### ABOUT THIS EXERCISE:
Your task is to print, exactly and only, the lines from the start of the entries below through the line with "Yet another episode of Some Good News". Include both ends, but skip the pictures.

### RECORDED DATA:

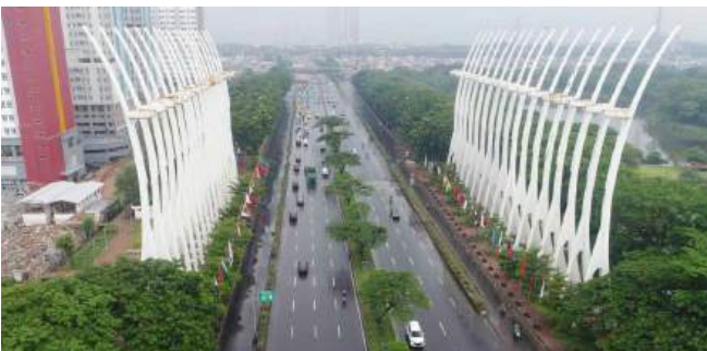
Kemayoran Toll Road Widening Project
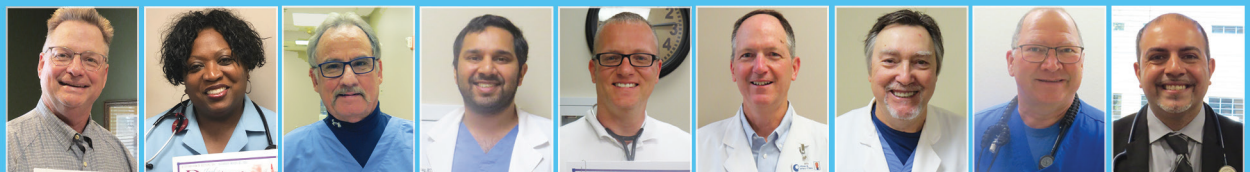
Physicians who were recognized for their care during Doctors' Day 2019!
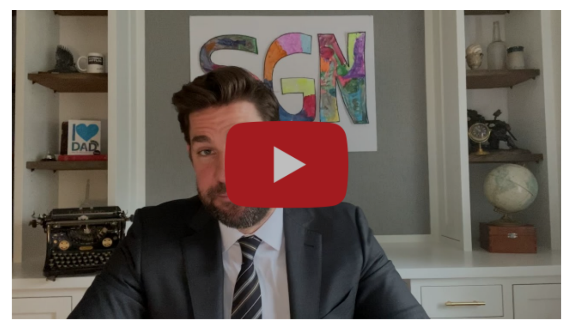
Yet another episode of Some Good News

The youngsters say they created the free hotline as a means of comforting quarantined seniors across North America. However, people of all ages are encouraged to dial 1-877-JOY-4ALL in order to enjoy the regularly updated selection of jokes, stories, guided meditations, and educational messages.
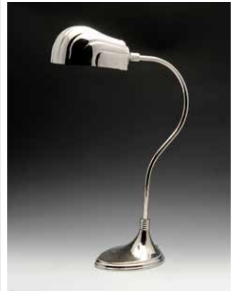
A modern nickel plated desk lamp, the fluted shell shade leading to a curved stem, the whole raised upon an oval stepped base. Maximum height measuring 21 2/8 inches (54 cm). £70-100 (plus 27.6% BP*)
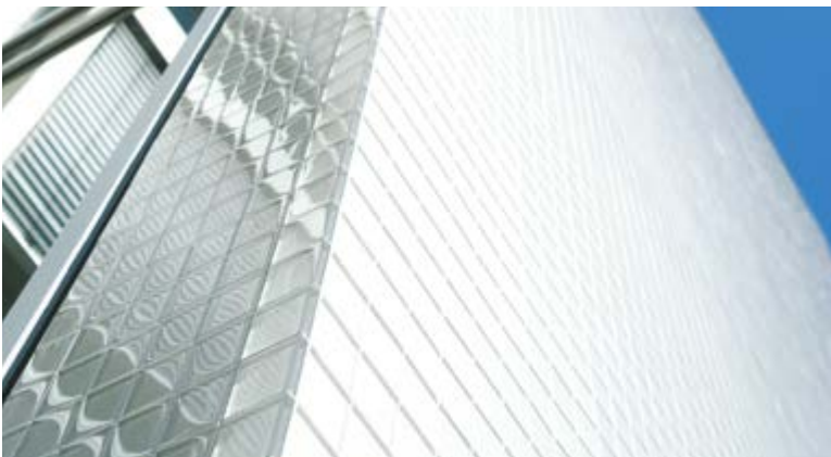
StoVentec M with glass mosaics Gewoge Haus, Brunnckstr, Ludwigshafen Architectural firm: Allmann Sattler Wappner, München, Germany
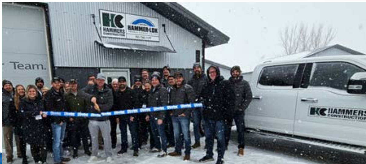
Pictured are Hammers Construction employees, guests and The Chamber Ambassadors.

2813 Heartland Business Court, Grand Forks, ND
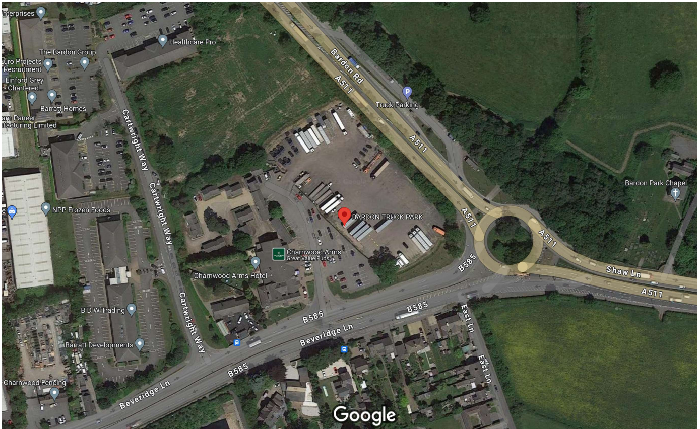
20 m
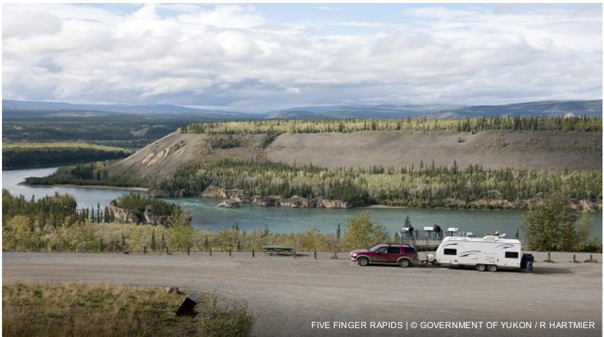
FIVE FINGER RAPIDS
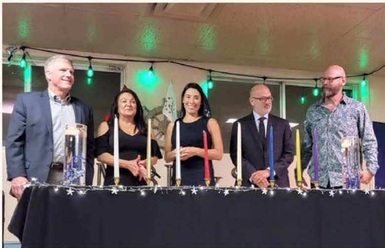
Board Of Directors for 2023
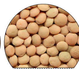
PBA Flash ®
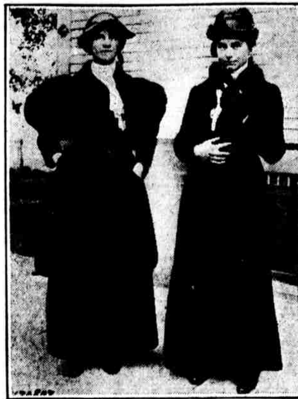
SHOWING YOU THE "FLAPPER OF 1870." In a Milwaukee fashion show these dresses were worn by way of contrast with the 1922 girl
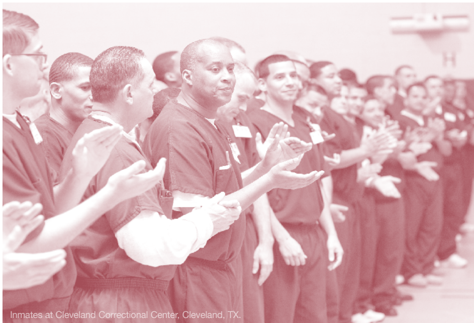
Inmates at Cleveland Correctional Center, Cleveland, TX.

Sure. It is not at all uncommon for guys to have a misunderstanding about what PEP really is intended to provide—being a hand up, rather than a handout. When they first get a postcard that basically says, "So, you want to be an entrepreneur?" their immediate thought, in some cases, leans towards entrepreneurs who are fabulously wealthy. It's almost like they think they're being asked, "Do you want to be a millionaire?" They think it's going to be all about business and how to
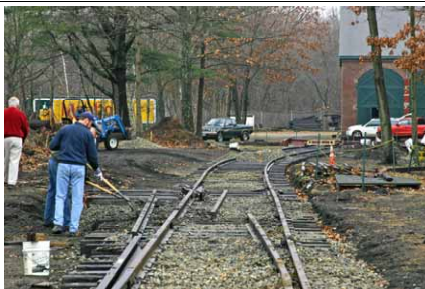
Trackwork continues at Columbia Junction. This view shows the track going to the right goes over to the turntable area, while the one on the left will connect to the Air Line. This is a key piece of track as it will allow us access via the turntable to all six tracks inside the Columbia Junction Roundhouse. Photo taken Jan. 13, 2007.
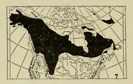
FIG. 10. Range of Cetraria nivalis (L.) Ach.

cm.), margins lacerate, rarely subspiculose at the apices (spicules often black tipped). Apothecia rare, adnate, subterminal, ample (max, diam. 8 mm.), convex, margins crenulate, disk pale chestnut. Spores 7-8 \times 3-4 \mu .
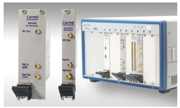
NK420 and NK430 With PXES-2590 Chassis
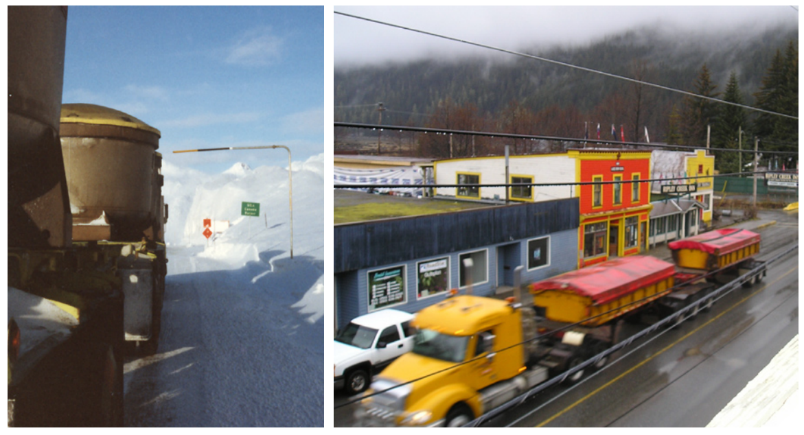
Concentrate truck hauls to Skagway and Stewart/Hyder
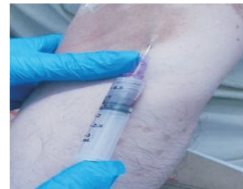
Fig. 11(a) Sample collection from COVID 19 patient

At 08:00 a.m., a fasting venous blood was collected from each subject in ethylenediamine tetraacetic acid (EDTA)-containing tubes. Tubes were immediately put on ice, centrifuged, and serum isolated within two hours.
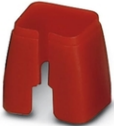
Color marking for patch cable, red

Please be informed that the data shown in this PDF Document is generated from our Online Catalog. Please find the complete data in the user's documentation. Our General Terms of Use for Downloads are valid ( http://phoenixcontact.com/download )
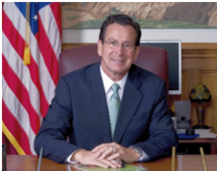
Connecticut Governor Dannel Malloy

The Arthritis Foundation has been working to ensure that people with arthritis have access to vital, life-improving treatments. Because of our efforts, Connecticut Governor Dannel Malloy signed Senate Bill 394 into law to bar health insurers that use step therapy protocols from requiring their use for more than 60 days and providing doctors with a method to override the protocol.
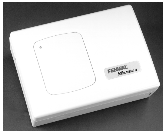
Figure 2. AnaLASER II Detector
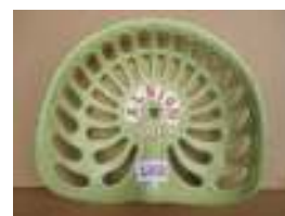
1102 - Albion 4239 £25
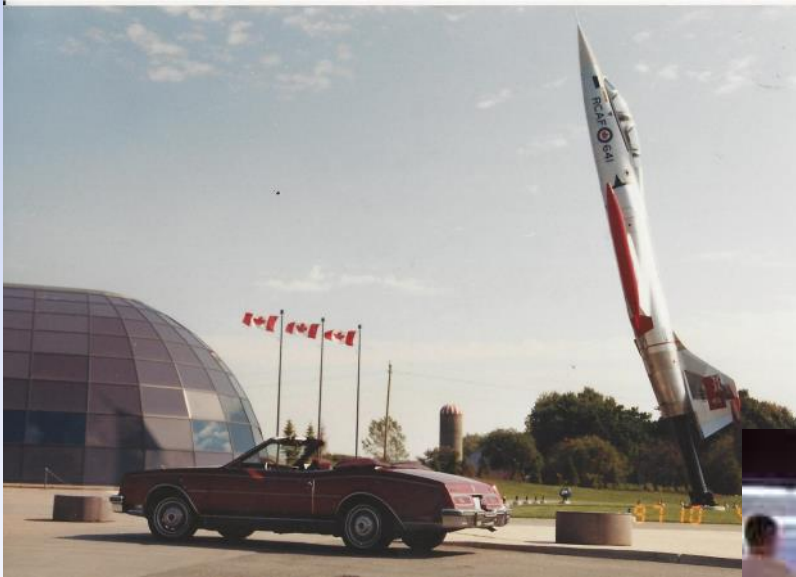
1997, Niagara Falls, Ontario, Fall Tour.
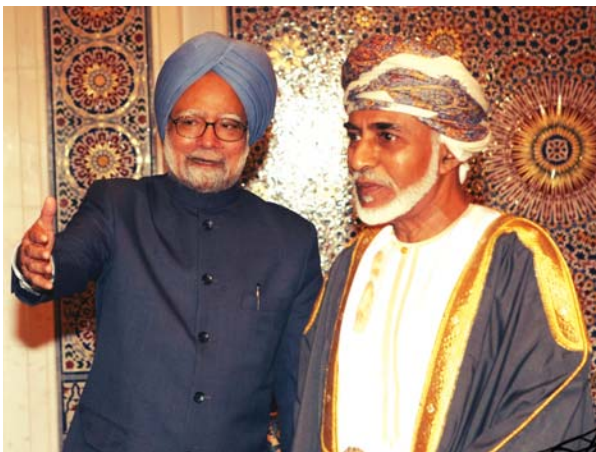
Dr. Manmohan Singh with the Sultan of Oman, Mr. Qaboos Bin Said Al-Said in Muscat on November 9, 2008.

On the economic side of things, India has the potential to play an important role in the
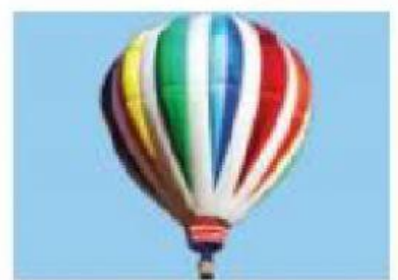
This is a hot air balloon.
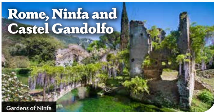
Gardens of Ninfa

Open by special arrangement, this exclusive visit offers the chance to explore the exquisite gardens of Ninfa, where roses, hydrangeas, and jasmines drape medieval ruins beside a crystal-clear river. Continue to the gardens of Castel Gandolfo, the historic papal residence near Rome, and walk in the footsteps of Popes amid serene, beautifully landscaped grounds.
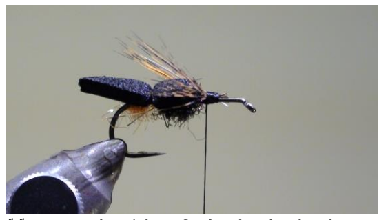
11 On each side of the hook shank, tie in a bunch of Pardo feather tips as wings
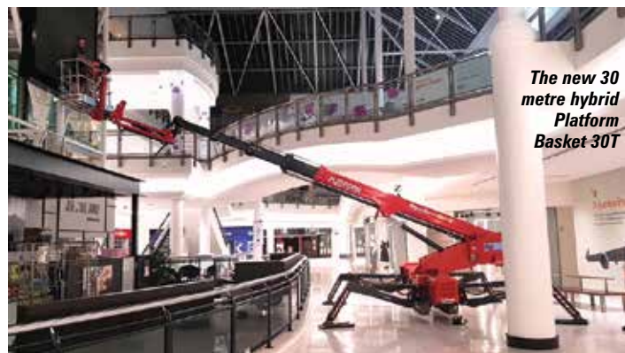
The new 30 metre hybrid Platform Basket 30T

UK distributor Promax Access which sold the first 30T in the UK to MBS has also developed a new undercarriage for the 27 metre Platform Basket 27.14 for Scottish rental company Easy Reach Access.
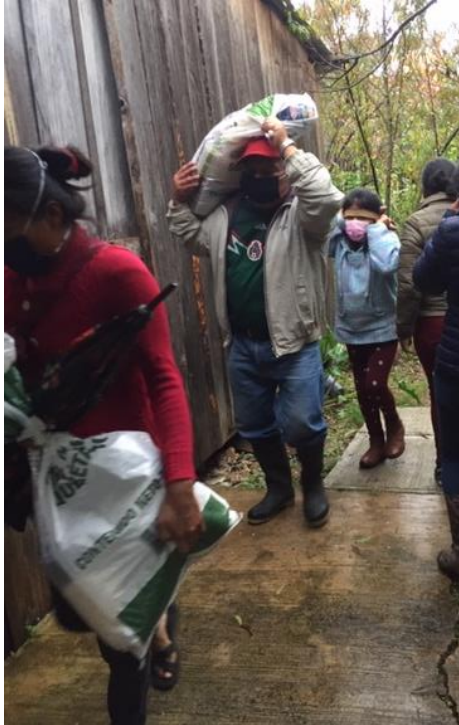
crew who broke the rice, beans, sugar and oil into 42 packets for pick-up this afternoon (right); groceries ready to
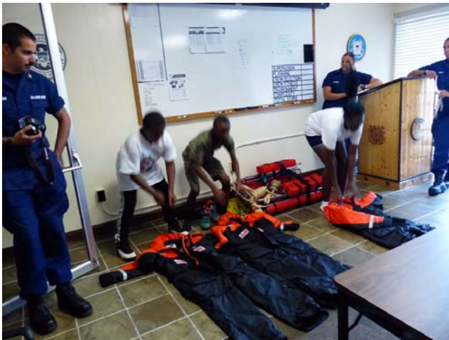
Survival suit drill
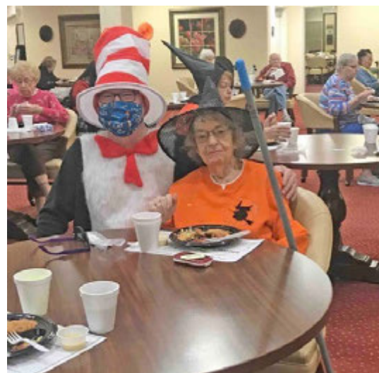
The Cat in the Hat meets a nice witch!
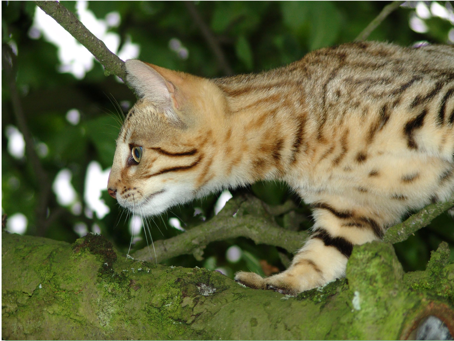
RW SGC Spice Sedano shows a beautiful profile.

do with the fact that these very shy wildcats are usually stressed in the vicinity of people, and therefore we hardly ever get to observe them in a relaxed posture. As soon as a Bengal or any other domestic cat feels threatened, it moves in a very similar way. For the present article, we consciously selected only ALC and F1 pictures which show relatively calm animals. It seems that in this case the posture of an ALC does not differ substantially from that of a Bengal.
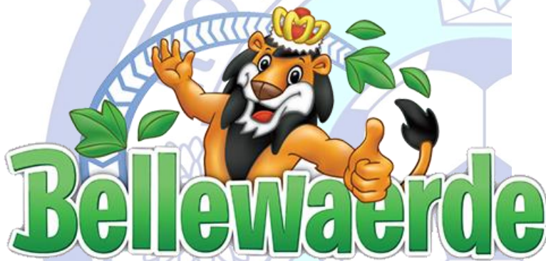
Amusement park Bellewaerde (Ypres) and Walibi (Wavre) 88 km
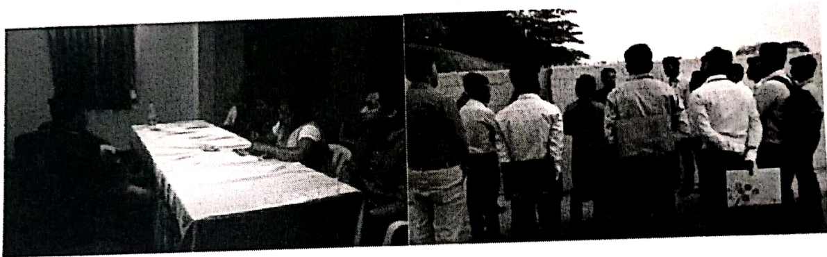
Figure 25 Resource person interacting with students

We are planning to have more such interactions and career counseling sessions in future as well.
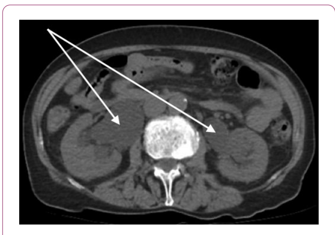
Figure 3 Initial CT abdomen in the external hospital. Dilated renal pelvis by postrenal obstruction due to the high pressure with compression of the ureters.

An empirical antibiotic therapy was started with rocephin and metronidazole on suspicion of a rectosigmoid perforation. On the same day a rigid rectoscopy and a gynecological examination have been performed which showed no perforation.

### EXERCISE RESPONSE:
Kemayoran Toll Road Widening Project
Physicians who were recognized for their care during Doctors' Day 2019!
Yet another episode of Some Good News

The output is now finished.